TRY IT:
This calls for a word-for-word copy of all the data, with each picture removed.

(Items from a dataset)
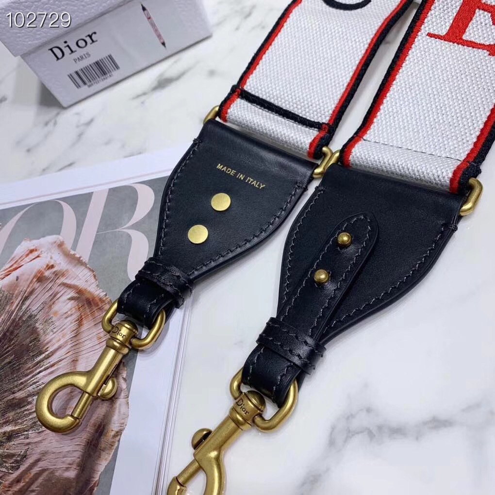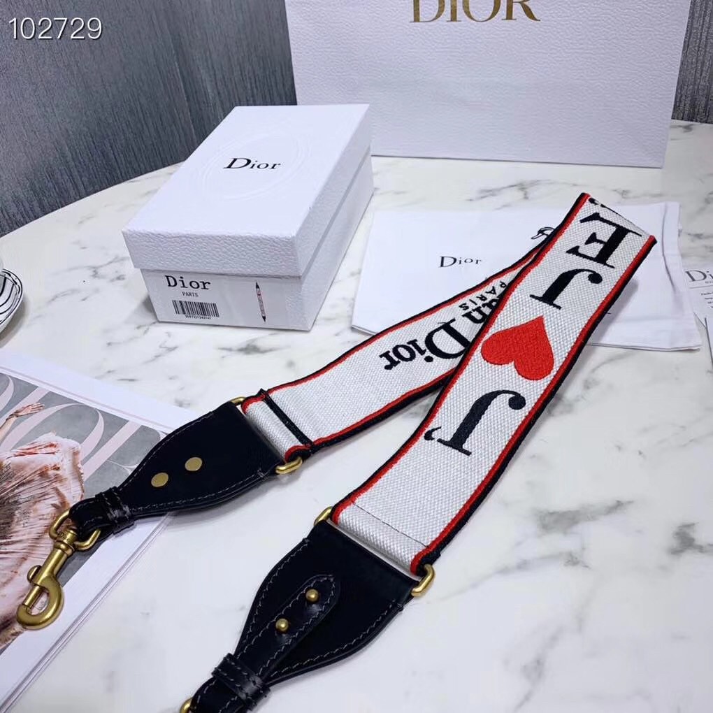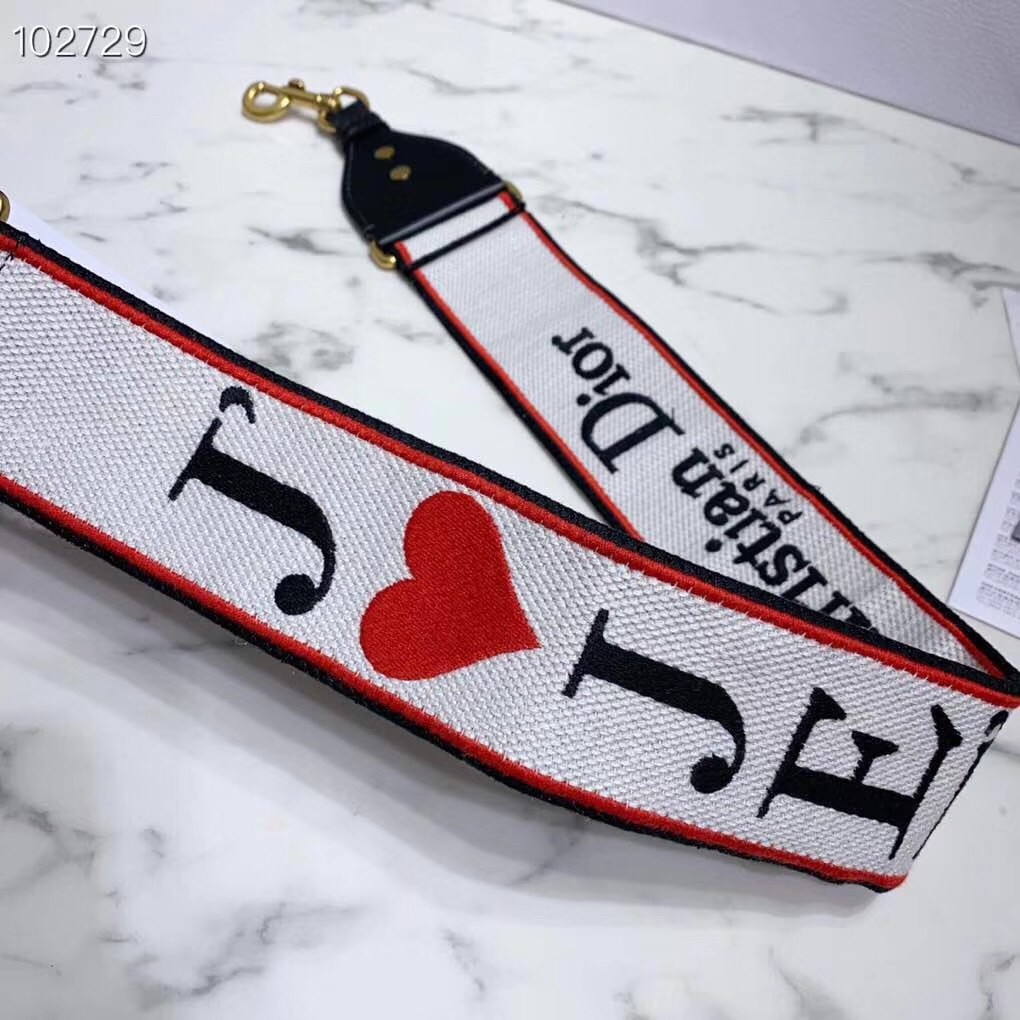 A wide canvas strap is introduced by Maria Grazia Chiuri to accompany Dior’s most iconic bags like the Saddle or Lady Dior. Made from canvas embroidered with a multicolored "Je t’aime" motif and portraying the 'Christian Dior' signature, the strap elevates the legendary bags with a touch of comfort and a fresh versatile attitude.
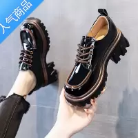 SUNTEK小皮鞋女英伦风2023新款秋季增高厚底单鞋黑色漆皮春秋乐福鞋
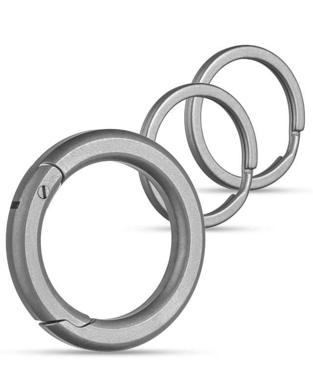 TISUR 丸型 カラビナ キーホルダー小型 おしゃれ 車キーリング 鍵 収納 (チタン グレー丸型カラビナ+チタンキーリン2個)
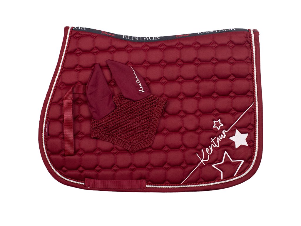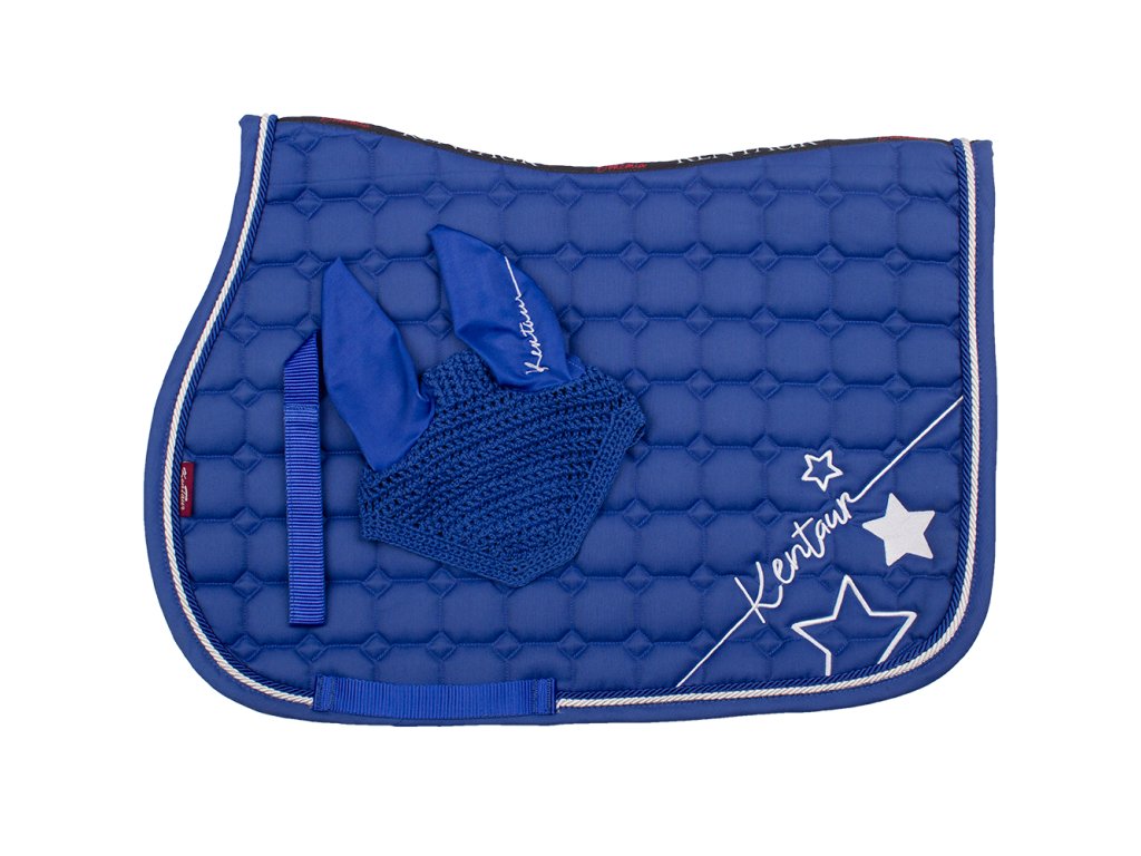 Tento pony set značky Kentaur obsahuje podsedlovou dečku a ladící náušníky s logem. Dečka má sportovní střih vhodný pro skokové disciplíny a je olemována dekorativní dvojitou kroucenou šňůrou. Spodní vrstva je vyrobena z funkčního hi-tech materiálu, který efektivně odvádí pot od těla koně a zajišťuje pohodlí během jízdy. Náušníky jsou pružné a vzdušné, navržené pro optimální přilnavost a vzhled.
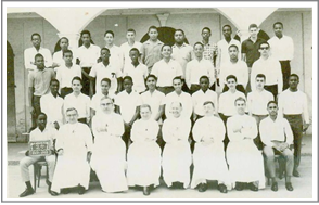 Frère Alban, a figure of medium stature with bespectacled eyes, was distinguished by the bluish hue of his shaven face. His attire was emblematic of rural France, with sandals and white socks that seemed foreign to Haitian soil. The Frères’ uniform was a long white Soutane (Cassok), reminiscent of a Nehru suit, clasped tightly at the neck and adorned with a sizable black and silver cross, the emblem of their order. Only Frère Louis, who presided over the other 11ème class, deviated from this tradition with a black Soutane.
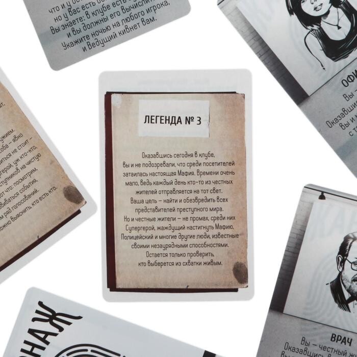 Участники игры поделятся на мафию и мирных жителей. Задача мафиози - ликвидировать всех гражданских, а простым людям нужно понять, кто бандит и вычислить его. Есть также и третья сторона - часть игроков будет помогать и одной, и другой стороне, преследуя свои цели. Помимо классических правил, в данной версии есть еще и карты событий, которые внесут дополнительного интереса в игру.

SOLVED EXERCISE:
 A wide canvas strap is introduced by Maria Grazia Chiuri to accompany Dior’s most iconic bags like the Saddle or Lady Dior. Made from canvas embroidered with a multicolored "Je t’aime" motif and portraying the 'Christian Dior' signature, the strap elevates the legendary bags with a touch of comfort and a fresh versatile attitude.
 SUNTEK小皮鞋女英伦风2023新款秋季增高厚底单鞋黑色漆皮春秋乐福鞋
 TISUR 丸型 カラビナ キーホルダー小型 おしゃれ 車キーリング 鍵 収納 (チタン グレー丸型カラビナ+チタンキーリン2個)
 Tento pony set značky Kentaur obsahuje podsedlovou dečku a ladící náušníky s logem. Dečka má sportovní střih vhodný pro skokové disciplíny a je olemována dekorativní dvojitou kroucenou šňůrou. Spodní vrstva je vyrobena z funkčního hi-tech materiálu, který efektivně odvádí pot od těla koně a zajišťuje pohodlí během jízdy. Náušníky jsou pružné a vzdušné, navržené pro optimální přilnavost a vzhled.
 Frère Alban, a figure of medium stature with bespectacled eyes, was distinguished by the bluish hue of his shaven face. His attire was emblematic of rural France, with sandals and white socks that seemed foreign to Haitian soil. The Frères’ uniform was a long white Soutane (Cassok), reminiscent of a Nehru suit, clasped tightly at the neck and adorned with a sizable black and silver cross, the emblem of their order. Only Frère Louis, who presided over the other 11ème class, deviated from this tradition with a black Soutane.
 Участники игры поделятся на мафию и мирных жителей. Задача мафиози - ликвидировать всех гражданских, а простым людям нужно понять, кто бандит и вычислить его. Есть также и третья сторона - часть игроков будет помогать и одной, и другой стороне, преследуя свои цели. Помимо классических правил, в данной версии есть еще и карты событий, которые внесут дополнительного интереса в игру.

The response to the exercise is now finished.